Building 'belt' to quick fix quake-damaged homes
Rebuilding homes to bring life back on track after a devastating earthquake isn't easy.
But, now a new and cheap technology that can make damaged buildings safe and habitable in practically no time is here.
Scientists at University of Sheffield in South Yorkshire, England, have developed a technology that involves wrapping metal straps around each floor of the building, which are then tensioned either by hand or using compressed air tools.
It is designed for use on reinforced concrete frame buildings - a common construction technique around the world.
"The strapping works very much like a weight-lifter's belt, by keeping everything tightly compressed to reduce tension on the concrete columns of the structure," explained professor and lead researcher Kypros Pilakoutas from University of Sheffield.
Tests showed that a damaged building repaired using the technique could withstand a major earthquake - measuring around 7 on Richter scale.
"Our method not only makes the building stable again very quickly, but it increases the building's ability to deform without breaking, making it more able to withstand further earthquake movement," said Pilakoutas.
The team tested the technique on a full scale, two-storey building which had inadequate reinforcing to withstand earthquakes.
The building was constructed on a specially designed 'shaking table' which can simulate ground movement caused by earthquakes.

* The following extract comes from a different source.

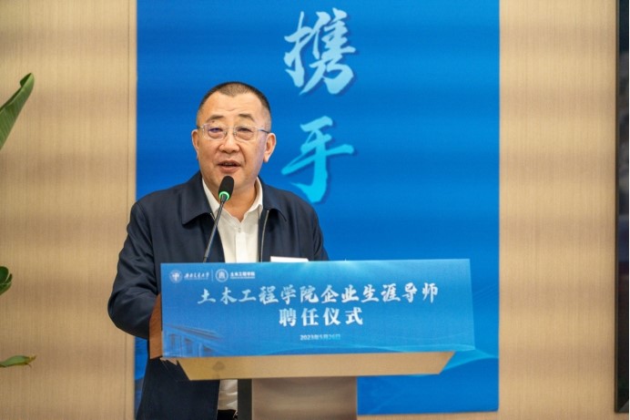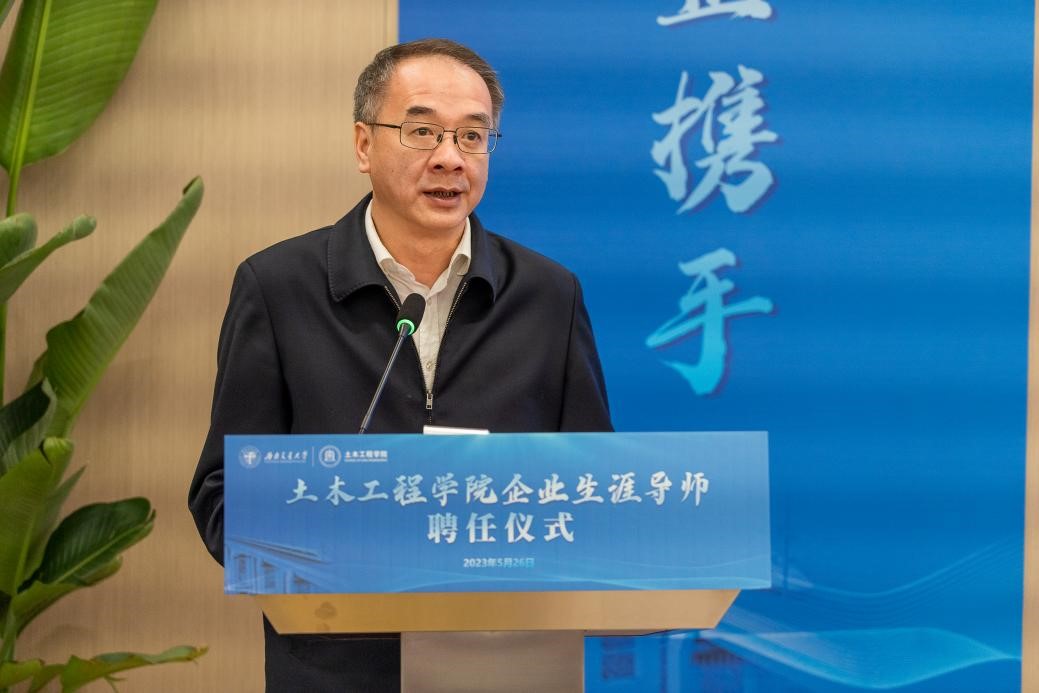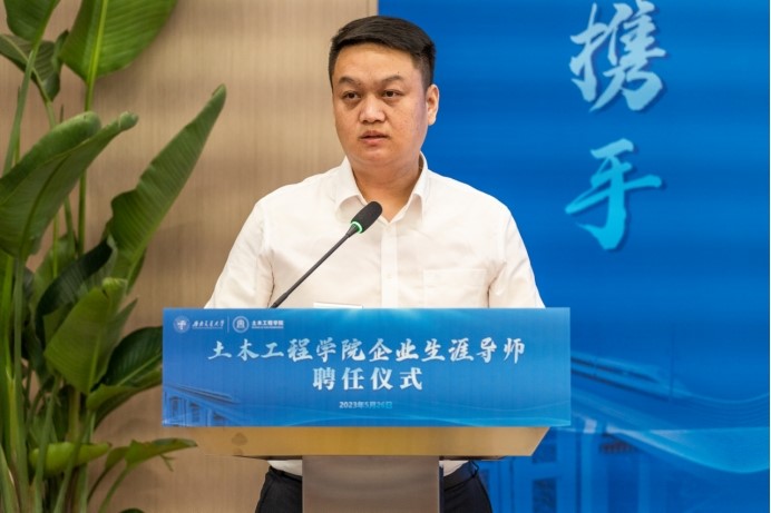 聘任仪式上,土木工程学院党委副书记周曦针对企业生涯导师工作背景及目的、开展情况以及相关优秀做法进行了简要介绍。土木工程学院为进一步引导学生主动对接“一带一路”倡议、交通强国等国家战略,促进学生更高质量、更加充分就业,常态化开展企业生涯导师聘任工作,为每个本科生班级配备2名企业生涯导师。导师遴选主要面向建筑施工单位、设计单位、投资单位、事业单位、土木工程领域相关单位的优秀青年骨干开展。导师工作任务涵盖“五个一”计划,即每学年在所负责班级开展一次主题教育、一次就业指导活动、一次工程实践、一次谈心谈话、一次主题班会。

During the first test, the building was near collapse following a small earthquake similar in scale to a magnitude 4 on the Richter scale.
The building was then repaired using the post-tensioned metal straps.
Once done, the researchers were unable to make the building fall during a simulated earthquake measuring 7 and stopped the test.
"The new technology may not only speed up the response to major earthquakes but may also prevent the damage happening in the first place," said Pilakoutas.